N2B Risk Management


N2B Credit Risk Management


N2B Credit Risk Management provides the operator with a holistic view that helps in understanding subscriber/partner risk profi­le and thereby aids its management. Further, N2B Credit Risk Management can quickly and seamlessly, accommodate new service information to provide an accurate picture of the exposure at any point in time and help its Customers to:


  • Reduce net bad debt expenses
  • Lower costs from credit and collections operations
  • Improve cash flow
  • Retain subscribers/partners
  • Increase top-line revenues

N2B Credit Risk Management is part of N2B Framework of tightly integrated, business focused applications that quickly and accurately transform under-exploited data from disparate sources into competitive opportunities for revenue protection, optimization and generation.

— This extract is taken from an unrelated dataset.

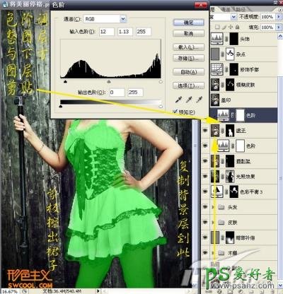 22、同样的方法对裙子进行调整(复制背景副本到最上层利用蒙板擦去裙子以外的地方,建立色阶调整图层与裙子这一层进行剪贴),设置数据如图。 23、盖印一层(CTRL+SHIFT+ALT)。第二部分(人物主体调色)结束。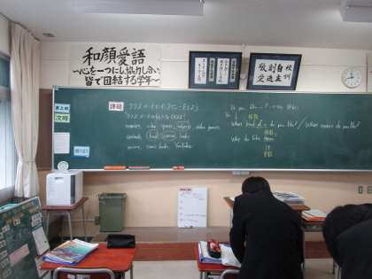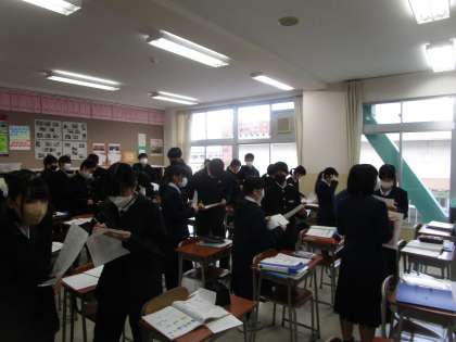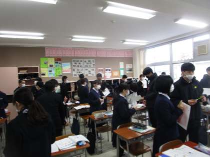 2年6組 英語 公開日 2023/01/18 更新日 2023/01/18 2学年 1月18日(水)4限 2年6組の英語は、「クラスメートにインタビューしよう」という課題で「クラスメートの好きな○○は?」をお互い質問しながらメモしていました。男女仲よく聴き合っていました。とてもいい雰囲気で学習していました。

  • Enable Operator to understand subscriber/partner behaviour across the entire credit lifecycle
  • Use quantitative analytics to understand and manage trends within your portfolio
  • Create environment of continuous learning through “test-and-learn” discipline
  • Provide 360° view of any Customer and Partner Operator and complete  understanding of customer/partner risk profile
  • Align business processes, technology, and organization structure
  • Customer specific approach and design risk exposure detection and monitoring
  • Proven increase of profitability due to minimized customer risk exposure
  • Prevent bill shock to customer, reduce churn and manage retention through increased customer loyalty and satisfaction
  • New service offering – Credit Limit applicable on any Level in Customer Hierarchy
Key Features
  • Continuous detection and assessment of subscribers’/partners’ usage (e.g., events from switches) and non-usage (e.g., payments, deposits), triggering alarms
  • Credit management capabilities extended to include dynamic credit limit management, credit classification, “balance due” management including late payment notification
  • Credit risk scoring is based on demographic information, usage behaviour and, if desired, other sources such as internal systems or external credit score rating companies.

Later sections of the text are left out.